Sin embargo, esta estrategia a menudo se desmorona si las personas examinan cuidadosamente la URL. La industria de la ciberseguridad ha aconsejado durante mucho tiempo a las personas que verifiquen la barra de URL para asegurarse de que incluya la dirección correcta y que tenga un candado verde al lado, lo que indica que la página web es segura.

"Todo esto eventualmente me llevó a pensar, ¿es posible hacer que el consejo 'Verifique la URL' sea menos confiable? Después de una semana de lluvia de ideas, decidí que la respuesta es sí", escribió el investigador anónimo quien usa el seudónimo, mr.d0x.

El ataque creado por mr.d0x, denominado browser-in-the-browser (BitB), utiliza los tres componentes esenciales de la web: HTML, hojas de estilo en cascada (CSS) y JavaScript: para crear una ventana emergente de SSO falsa que es esencialmente indistinguible de la real cosa.

"La barra de URL falsa puede contener lo que quiera, incluso ubicaciones aparentemente válidas. Además, las modificaciones de JavaScript hacen que al pasar el mouse sobre el enlace o el botón de inicio de sesión también aparezca un destino de URL aparentemente válido", agregó Higgins después de examinar al Sr. mecanismo de d0x.

Para demostrar BitB, mr.d0x creó una versión falsa de la plataforma de diseño gráfico en línea, Canva. Cuando alguien hace clic para iniciar sesión en el sitio falso usando la opción SSO, el sitio web muestra la ventana de inicio de sesión creada por BitB con el legítimo dirección del proveedor de SSO falsificado, como Google, para engañar al visitante para que ingrese sus credenciales de inicio de sesión, que luego se envían al atacantes

La técnica ha impresionado a varios desarrolladores web. "Oh, eso es desagradable: Browser In The Browser (BITB) Attack, una nueva técnica de phishing que permite robar credenciales que incluso un profesional web no puede detectar". François Zaninotto, CEO de empresa de desarrollo web y móvil Marmelab, escribió en Twitter.

Mira por dónde vas

Si bien BitB es más convincente que las ventanas de inicio de sesión falsas comunes y corrientes, Higgins compartió algunos consejos que las personas pueden usar para protegerse.

Para empezar, a pesar de que la ventana emergente BitB SSO parece una ventana emergente legítima, en realidad no lo es.
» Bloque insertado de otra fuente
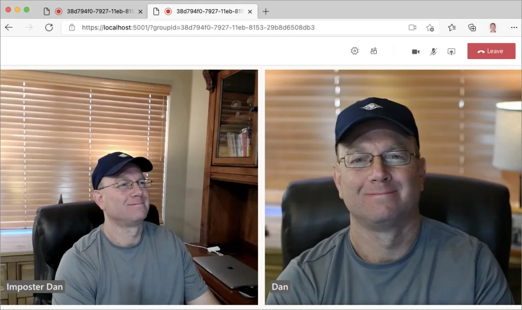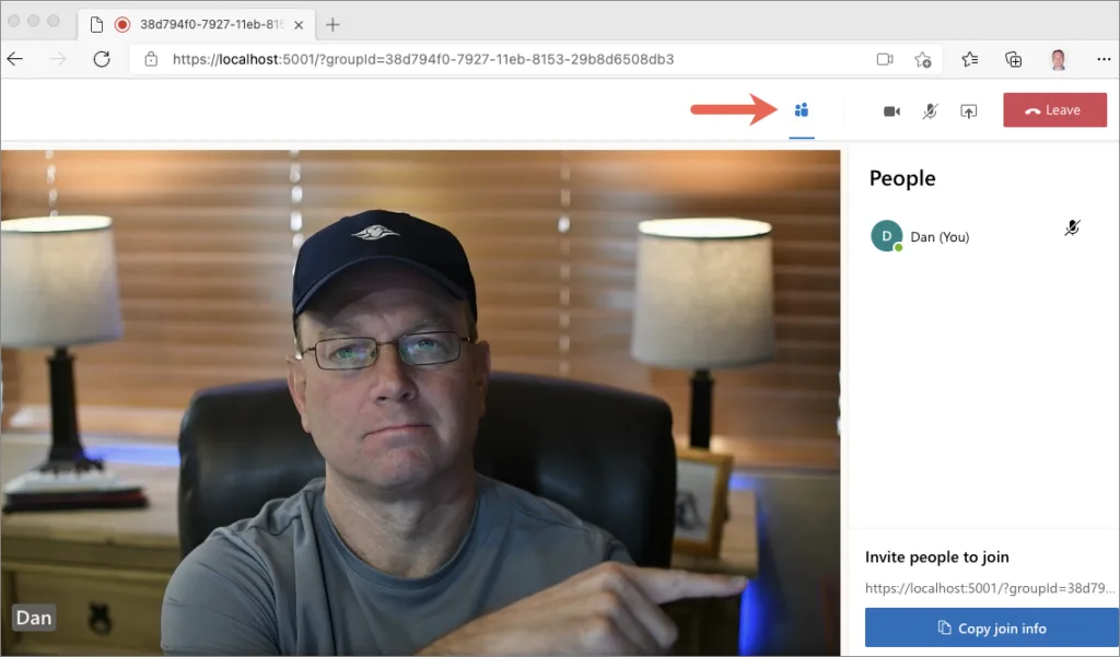 It takes at least two people to talk of course, but since you’re on localhost you can only invite yourself to a call. It works though for testing purposes. If you click the invite people icon (see below), select the Copy join info, paste the link in another tab, and then choose a different camera/mic (if you have one available), you can see how it works.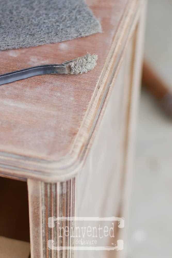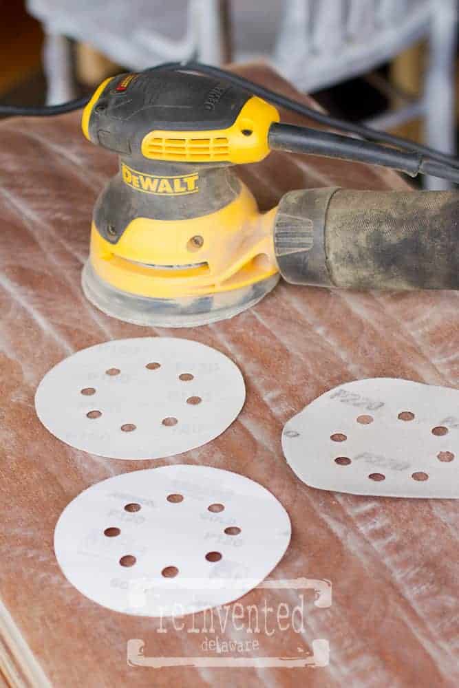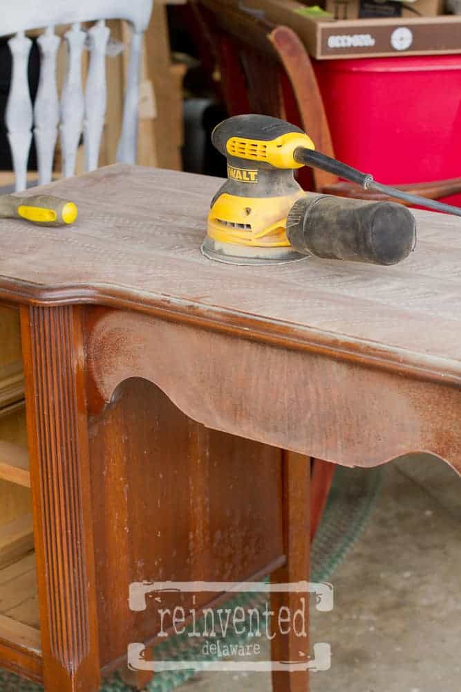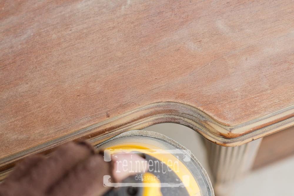 If you have a steady hand you can use the sander around the curved edges. Be careful though, you can quickly change the shape of the furniture. If it could only be so easy with my hips :). Anyway – you can always use a sanding sponge if you are not sure.

Por lo tanto, si toma la barra de direcciones de esta ventana emergente e intenta arrastrarla, no se moverá más allá del borde de la ventana principal. ventana del sitio web, a diferencia de una ventana emergente real que es completamente independiente y se puede mover a cualquier parte del escritorio.
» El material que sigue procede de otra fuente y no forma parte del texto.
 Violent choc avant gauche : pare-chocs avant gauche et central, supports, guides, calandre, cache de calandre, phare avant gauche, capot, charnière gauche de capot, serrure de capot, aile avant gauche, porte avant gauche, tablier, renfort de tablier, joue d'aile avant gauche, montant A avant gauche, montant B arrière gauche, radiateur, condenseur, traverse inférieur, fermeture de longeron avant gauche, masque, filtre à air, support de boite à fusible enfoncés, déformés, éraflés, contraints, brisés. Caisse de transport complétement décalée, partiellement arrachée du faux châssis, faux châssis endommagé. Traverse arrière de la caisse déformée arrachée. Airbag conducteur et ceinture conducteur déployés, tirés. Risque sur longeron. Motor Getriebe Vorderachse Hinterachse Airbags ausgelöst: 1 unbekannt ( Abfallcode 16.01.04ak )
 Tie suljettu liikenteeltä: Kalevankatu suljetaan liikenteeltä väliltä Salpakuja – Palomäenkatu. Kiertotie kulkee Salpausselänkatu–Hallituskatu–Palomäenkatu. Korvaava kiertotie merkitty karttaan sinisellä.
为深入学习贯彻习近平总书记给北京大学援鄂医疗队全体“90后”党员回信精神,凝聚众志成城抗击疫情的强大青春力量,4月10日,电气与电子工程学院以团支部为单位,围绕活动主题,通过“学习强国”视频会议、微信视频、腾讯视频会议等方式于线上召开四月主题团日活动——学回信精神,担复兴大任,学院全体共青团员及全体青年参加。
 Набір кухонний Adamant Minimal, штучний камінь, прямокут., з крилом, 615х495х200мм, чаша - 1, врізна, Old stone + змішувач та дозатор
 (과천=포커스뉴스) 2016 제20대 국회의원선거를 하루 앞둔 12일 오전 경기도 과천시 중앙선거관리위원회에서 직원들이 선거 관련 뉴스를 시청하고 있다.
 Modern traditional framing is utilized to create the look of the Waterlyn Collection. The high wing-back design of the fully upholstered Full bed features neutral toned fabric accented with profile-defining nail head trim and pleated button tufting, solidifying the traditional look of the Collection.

Higgins compartió que probar la legitimidad de la ventana SSO con este método no funcionaría en un dispositivo móvil. "Aquí es donde [la autenticación multifactor] o el uso de opciones de autenticación sin contraseña pueden ser realmente útiles. Incluso si fuera víctima del ataque de BitB, [los estafadores] no necesariamente podrían [usar sus credenciales robadas] sin las otras partes de una rutina de inicio de sesión de MFA", sugirió Higgins.
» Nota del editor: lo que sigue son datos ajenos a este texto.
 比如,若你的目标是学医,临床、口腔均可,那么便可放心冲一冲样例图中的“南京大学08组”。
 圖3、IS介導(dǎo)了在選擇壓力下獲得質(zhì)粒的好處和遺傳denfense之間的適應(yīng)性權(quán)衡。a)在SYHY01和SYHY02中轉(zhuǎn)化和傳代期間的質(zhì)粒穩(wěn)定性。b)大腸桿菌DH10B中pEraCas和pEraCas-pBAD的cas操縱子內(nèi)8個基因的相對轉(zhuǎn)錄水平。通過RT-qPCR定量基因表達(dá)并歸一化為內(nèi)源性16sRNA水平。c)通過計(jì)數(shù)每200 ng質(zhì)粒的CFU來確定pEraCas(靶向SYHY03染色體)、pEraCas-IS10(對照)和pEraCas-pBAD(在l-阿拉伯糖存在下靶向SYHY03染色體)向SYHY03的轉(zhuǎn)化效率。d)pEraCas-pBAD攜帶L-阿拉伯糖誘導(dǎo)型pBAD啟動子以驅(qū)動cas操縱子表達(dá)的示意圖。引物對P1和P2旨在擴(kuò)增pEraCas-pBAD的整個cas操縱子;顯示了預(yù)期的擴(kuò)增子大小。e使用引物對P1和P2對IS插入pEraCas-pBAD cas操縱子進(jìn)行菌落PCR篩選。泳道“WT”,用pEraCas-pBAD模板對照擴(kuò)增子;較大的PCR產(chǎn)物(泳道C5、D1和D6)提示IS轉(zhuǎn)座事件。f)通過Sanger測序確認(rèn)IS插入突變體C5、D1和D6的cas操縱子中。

"Internet no es nuestro hogar. Es un espacio público. Debemos comprobar lo que estamos visitando".

Además, dado que es una ventana de inicio de sesión falsa, el administrador de contraseñas (si está usando uno) no completará automáticamente las credenciales, lo que nuevamente le dará una pausa para detectar algo mal.

También es importante recordar que, si bien la ventana emergente BitB SSO es difícil de detectar, aún debe iniciarse desde un sitio malicioso. Para ver una ventana emergente como esta, ya tendría que haber estado en un sitio web falso.

Por eso, cerrando el círculo, Adrien Género, director de tecnología y producto de seguro, sugiere que las personas deben mirar las URL cada vez que hacen clic en un enlace.

"De la misma manera que verificamos el número en la puerta para asegurarnos de que terminamos en la habitación de hotel correcta, las personas siempre deben echar un vistazo rápido a las URL cuando navegan por un sitio web. Internet no es nuestra casa. Es un espacio público. Debemos revisar lo que estamos visitando”, subrayó Gendre.